You're not worried about damaging exposure to the company
Those poor companies from past scandals. Scandal and messy business will never happen to your company so you're not worried about the company's, or your, reputation littered across every gossip magazine lining every shop shelf. You know exactly that every single one of your 300 employees would never so much as think of engaging in misconduct, accidentally or not.
It just doesn't happen to companies like yours.
You'd rather not spend the [very small] dollars on an external system
You'd rather save the very small thousand dollars a third-party system would cost because you've already established a system and put it in place (and that's great!). Employees know they can come to you, or phone in from other parts of the world. You may have to Google Translate all the non-English complaints that come in (congratulations you're learning Urdu, or is that Arabic? You'll figure it out eventually). Besides third-party providers tack on translation as an extra cost (we don't really) so your few thousand dollars would keep getting higher.
The presentation edits for the CFO can wait. The meeting with investors can be pushed to another day...
Wait, those meeting are important. You may have to leave your employees' ethics complaints for another day. Take your time.

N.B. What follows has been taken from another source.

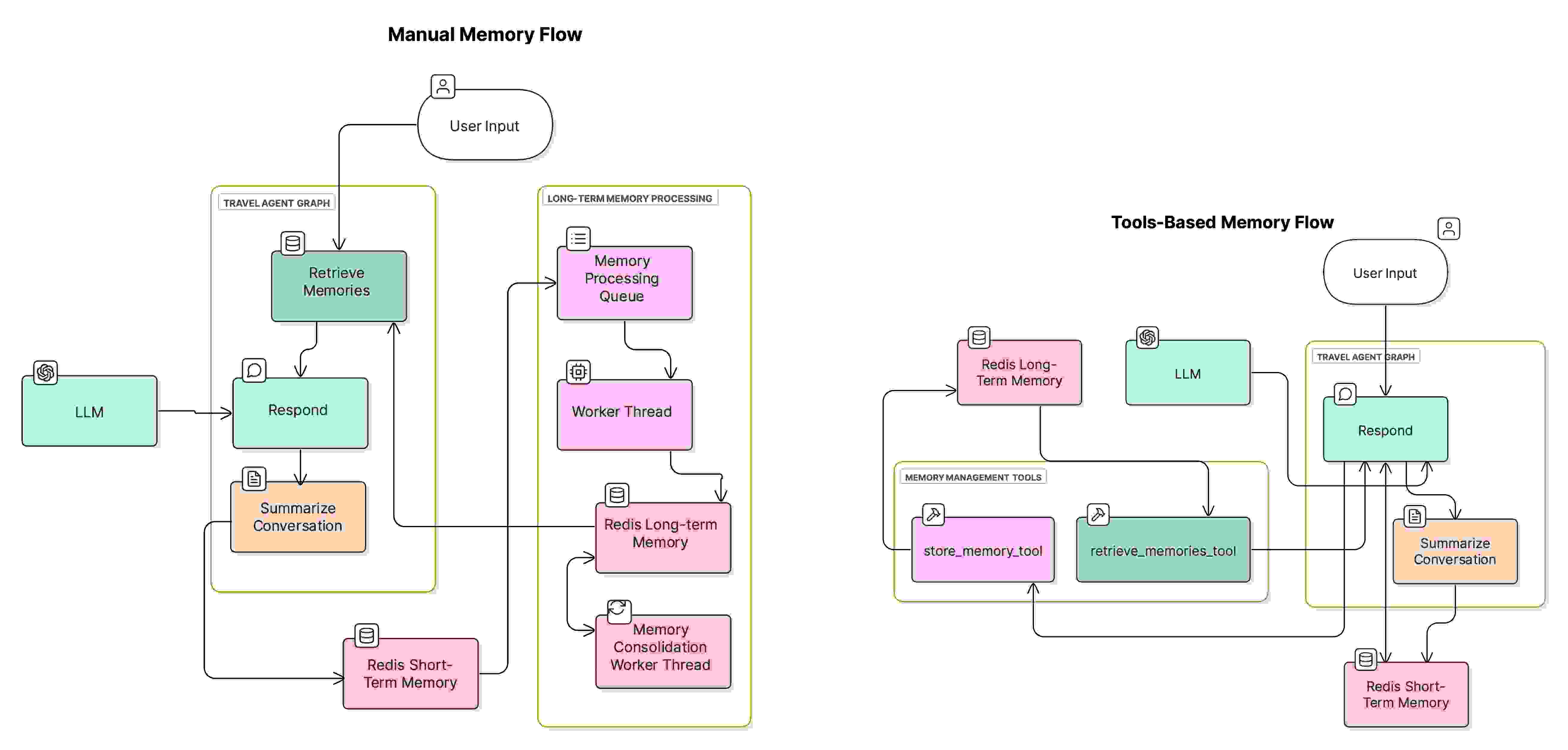 在笔记本中,我们构建了两个版本的旅行代理,一个手动管理长期记忆,另一个则使用 LLM 调用的工具来管理。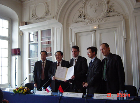 3月23日,应法国教育部邀请,我教育部章新胜副部长率领中方联合体高校34人代表团赴法国巴黎参加了中法博士生学院成立大会,法方联合体高校代表30余人同时出席。在中法博士生学院成立大会上,法国教育部Gilles de Robien部长、我教育部章新胜副部长与我驻法赵进军大使分别致辞祝贺。我教育部国际合作与交流司曹国兴司长、我校万钢校长、法国大学校长联合会Yannick Vallée第一副主席与法国外交部国际合作与发展Jérome Pasquier副总司长先后发言并共同签署了中法博士生学院章程。成立大会结束后,万钢校长还与中法博士生学院中法指导委员会其他9名成员(中方5名、法方5名)共同探讨了中法博士生学院招生程序、优先合作领域和第一批学生入学时间等重要议题。

How fast can fraud possibly escalate every day it's not stopped in its tracks?
You adhere to your Code
You follow your Code of Ethics to a "T". You're pretty sure that every employee gets handed a copy of the Code with their on-boarding package when they start.
You and your employees know what is acceptable conduct. The Code was read once so there's no need to read it again. What could possibly go wrong? Wrong only happens to other companies.
And all that data that's been pulled on anti-fraud controls and policies and the use of ethics hotlines? You don't need to worry about that. Because bad stuff won't happen to your company.
So there you have it. All the reasons you need to avoid implementing an ethics hotline.
Happy April 1st. If you believe all that, you should be very worried indeed!